### [Work to be completed]
An image-free, verbatim transcription of the records is the expected result.

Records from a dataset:
"""
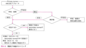 | ②循環管理 | sBP:110mmHg以上、MAP:90mmHg以上、脳灌流圧:50mmHg以上、Hb 10g/dL以上 |
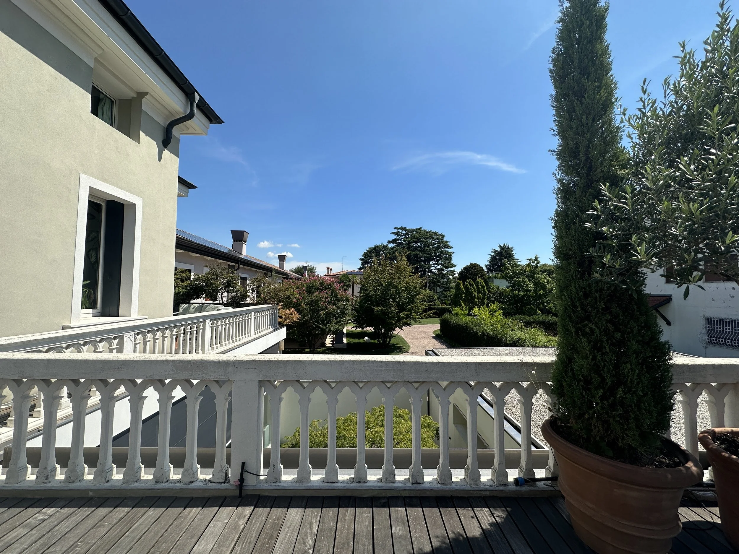 Il primo piano ospita una zona living con camino a gas, cucina separata, bagno di servizio, camera padronale con bagno en suite e cabina armadio. Ampia terrazza abitabile di 100 mq con pompeiana e impianto di irrigazione automatizzato.
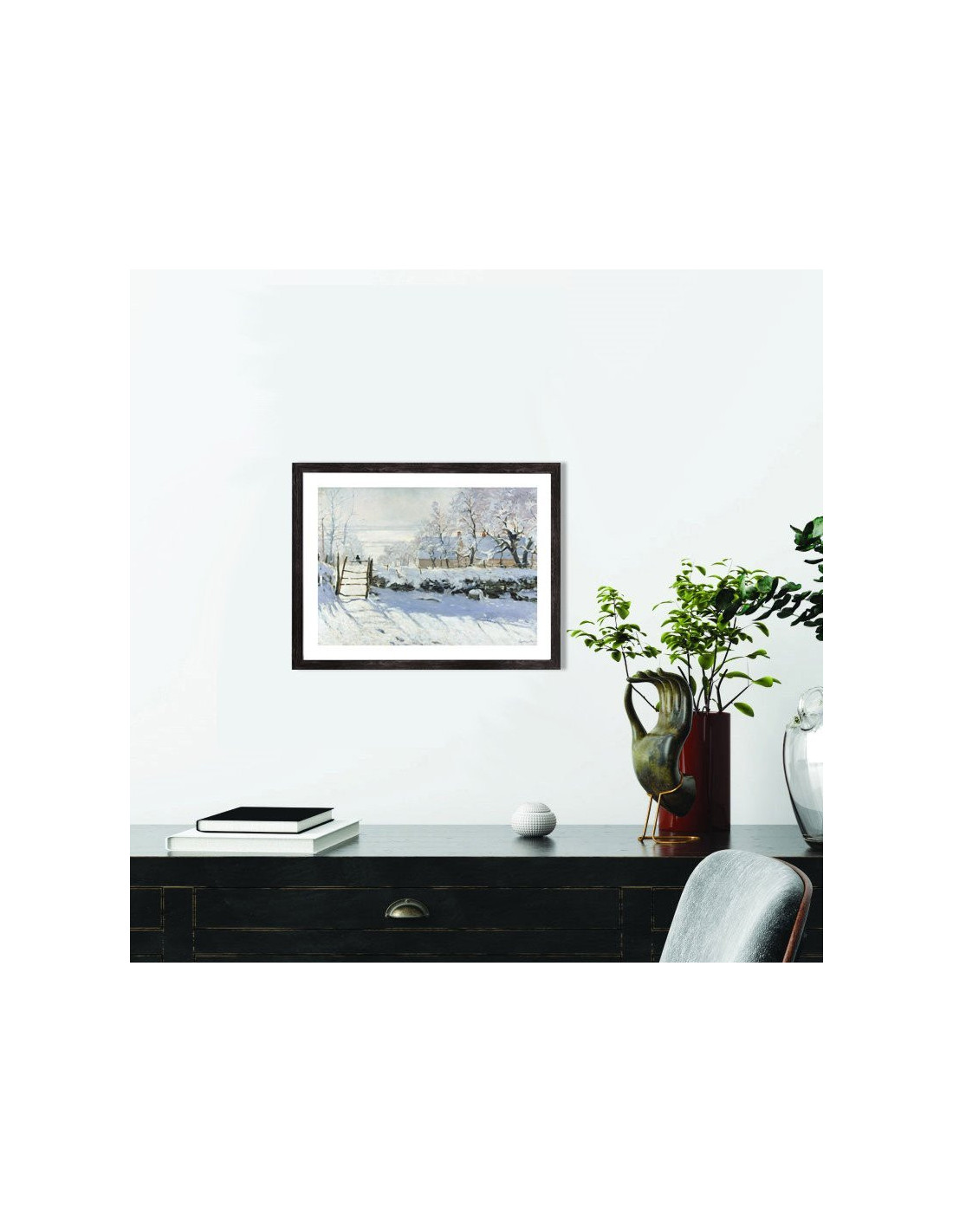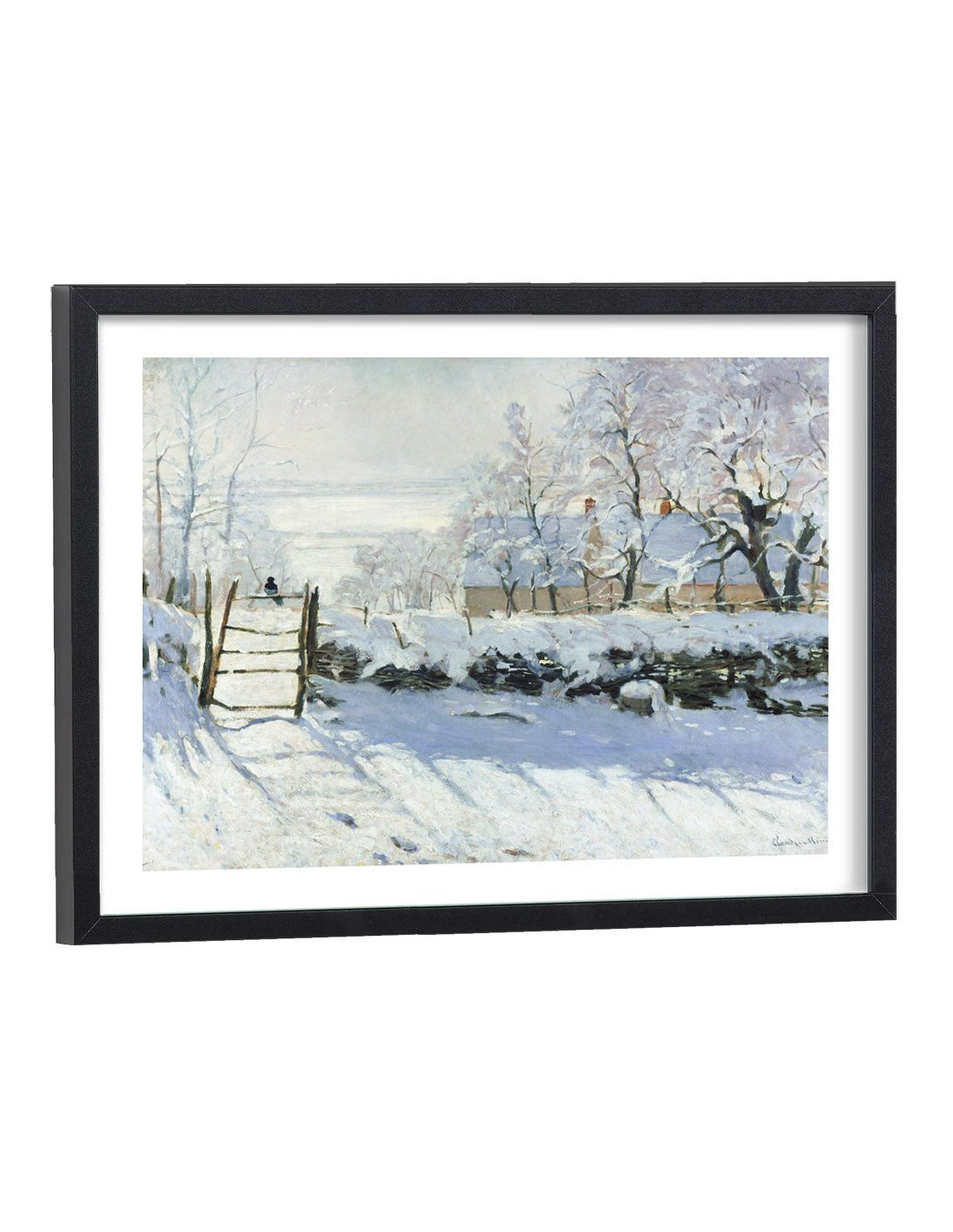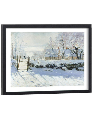 Tableau décoration d'une reproduction de l'oeuvre "La Pie", une peinture à l'huile sur toile réalisée par Claude Monet à Étretat en 1868-1869. Elle représente un paysage enneigé à Etretat. La pie posée sur une clôture dans un paysage hivernal lui donne son titre.
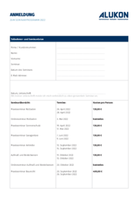 Werfen Sie einen Blick in unser Seminarprogramm 2022 und melden Sie sich einfach und unkompliziert mithilfe des interaktiven Anmeldeformulars (per E-Mail an michael.jaenisch(at)alukon.com) an.
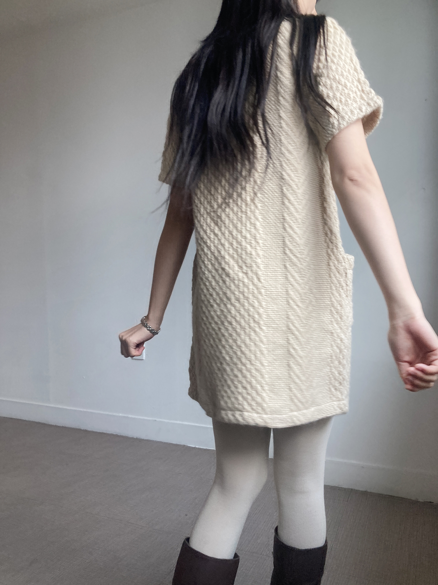 beige knit wool one-piece
"""
### [Written solution]
 | ②循環管理 | sBP:110mmHg以上、MAP:90mmHg以上、脳灌流圧:50mmHg以上、Hb 10g/dL以上 |
 Il primo piano ospita una zona living con camino a gas, cucina separata, bagno di servizio, camera padronale con bagno en suite e cabina armadio. Ampia terrazza abitabile di 100 mq con pompeiana e impianto di irrigazione automatizzato.
 Tableau décoration d'une reproduction de l'oeuvre "La Pie", une peinture à l'huile sur toile réalisée par Claude Monet à Étretat en 1868-1869. Elle représente un paysage enneigé à Etretat. La pie posée sur une clôture dans un paysage hivernal lui donne son titre.
 Werfen Sie einen Blick in unser Seminarprogramm 2022 und melden Sie sich einfach und unkompliziert mithilfe des interaktiven Anmeldeformulars (per E-Mail an michael.jaenisch(at)alukon.com) an.
 beige knit wool one-piece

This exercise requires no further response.